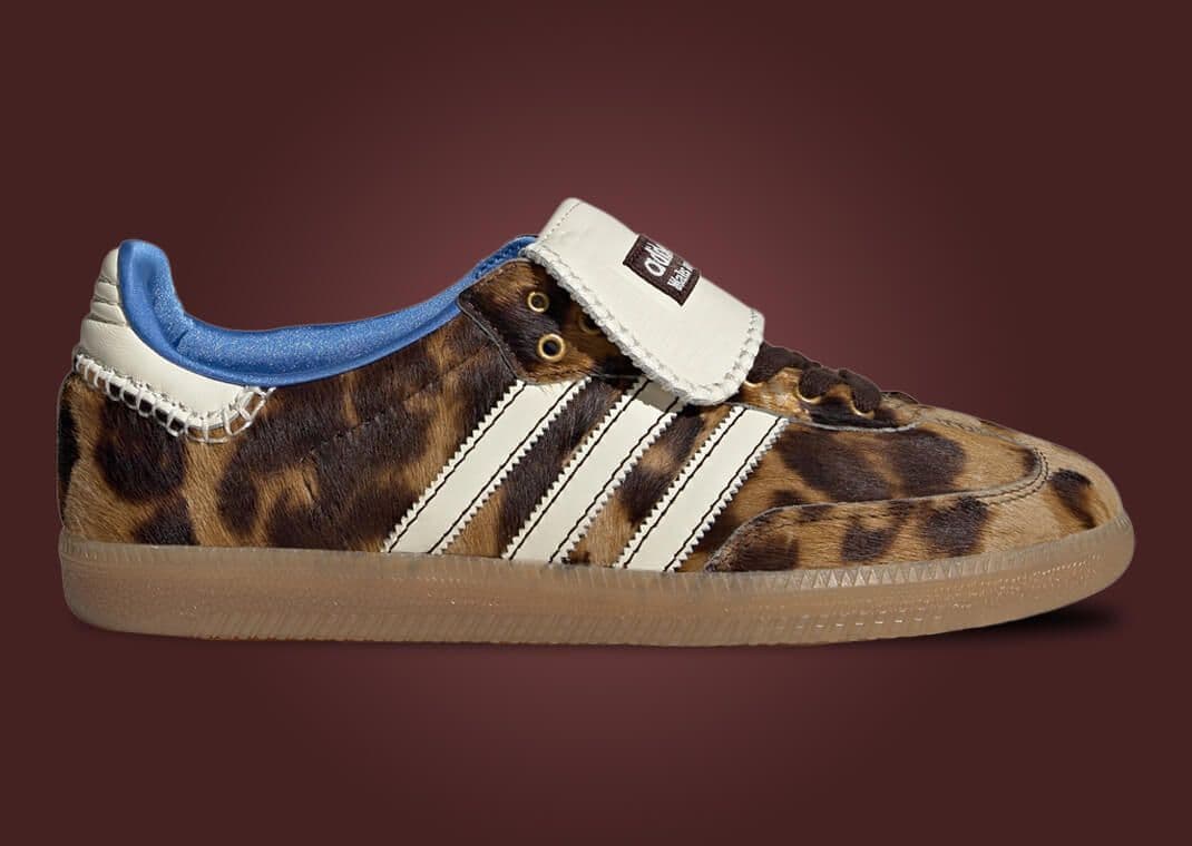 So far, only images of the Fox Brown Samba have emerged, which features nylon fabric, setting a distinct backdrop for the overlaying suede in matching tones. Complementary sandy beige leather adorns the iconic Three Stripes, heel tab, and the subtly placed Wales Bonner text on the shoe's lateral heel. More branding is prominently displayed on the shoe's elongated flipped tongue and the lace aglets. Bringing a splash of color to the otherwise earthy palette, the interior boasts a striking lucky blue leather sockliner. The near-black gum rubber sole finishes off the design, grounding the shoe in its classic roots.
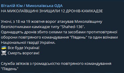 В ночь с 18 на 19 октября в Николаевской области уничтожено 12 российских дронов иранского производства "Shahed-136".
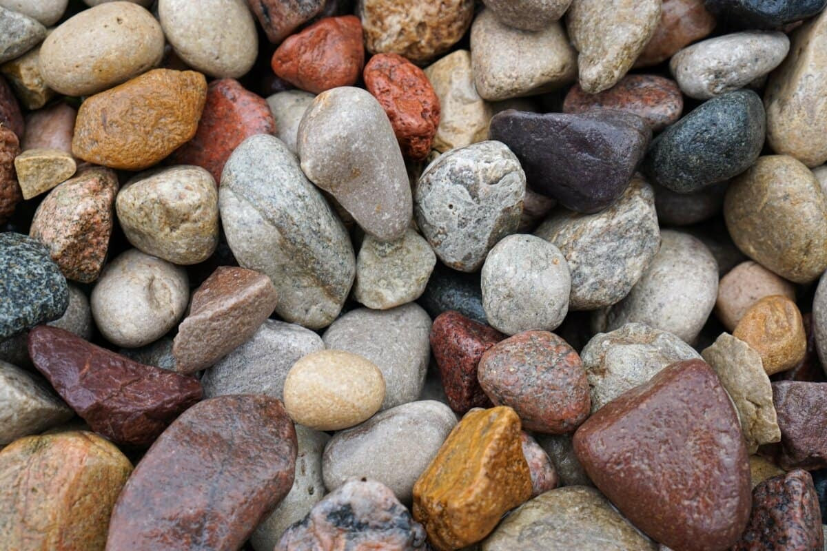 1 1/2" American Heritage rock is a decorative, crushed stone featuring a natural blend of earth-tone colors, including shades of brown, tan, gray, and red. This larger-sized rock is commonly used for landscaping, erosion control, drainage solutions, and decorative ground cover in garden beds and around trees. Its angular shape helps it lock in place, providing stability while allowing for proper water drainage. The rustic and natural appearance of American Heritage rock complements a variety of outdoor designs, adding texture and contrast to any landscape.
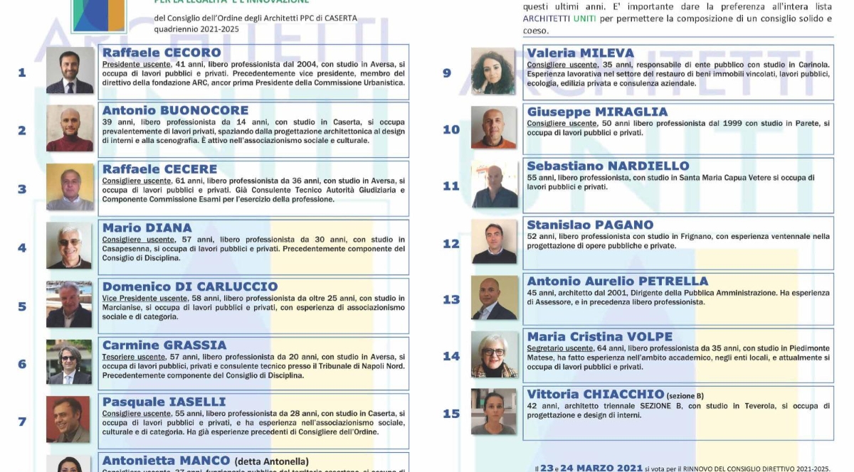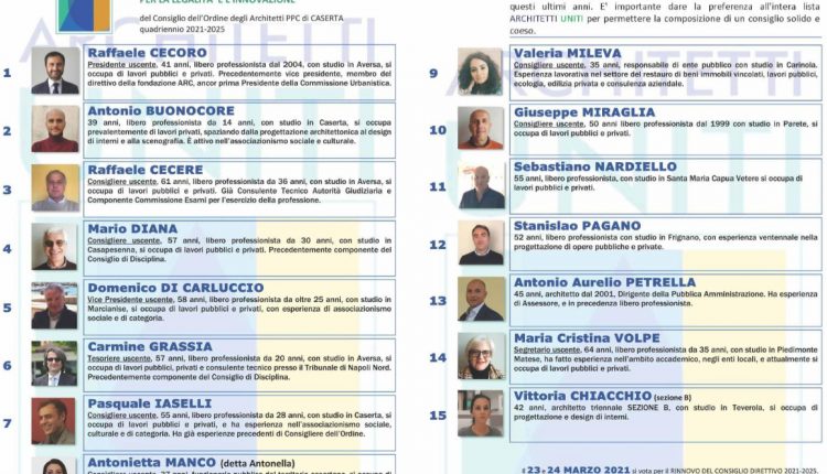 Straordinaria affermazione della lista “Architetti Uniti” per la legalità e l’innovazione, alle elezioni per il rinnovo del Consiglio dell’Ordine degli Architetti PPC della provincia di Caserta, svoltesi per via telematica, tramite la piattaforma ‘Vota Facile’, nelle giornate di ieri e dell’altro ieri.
***
**Exercise:** Output each of the lines above exactly, apart from the images.

**Reply:**
 So far, only images of the Fox Brown Samba have emerged, which features nylon fabric, setting a distinct backdrop for the overlaying suede in matching tones. Complementary sandy beige leather adorns the iconic Three Stripes, heel tab, and the subtly placed Wales Bonner text on the shoe's lateral heel. More branding is prominently displayed on the shoe's elongated flipped tongue and the lace aglets. Bringing a splash of color to the otherwise earthy palette, the interior boasts a striking lucky blue leather sockliner. The near-black gum rubber sole finishes off the design, grounding the shoe in its classic roots.
 В ночь с 18 на 19 октября в Николаевской области уничтожено 12 российских дронов иранского производства "Shahed-136".
 1 1/2" American Heritage rock is a decorative, crushed stone featuring a natural blend of earth-tone colors, including shades of brown, tan, gray, and red. This larger-sized rock is commonly used for landscaping, erosion control, drainage solutions, and decorative ground cover in garden beds and around trees. Its angular shape helps it lock in place, providing stability while allowing for proper water drainage. The rustic and natural appearance of American Heritage rock complements a variety of outdoor designs, adding texture and contrast to any landscape.
 Straordinaria affermazione della lista “Architetti Uniti” per la legalità e l’innovazione, alle elezioni per il rinnovo del Consiglio dell’Ordine degli Architetti PPC della provincia di Caserta, svoltesi per via telematica, tramite la piattaforma ‘Vota Facile’, nelle giornate di ieri e dell’altro ieri.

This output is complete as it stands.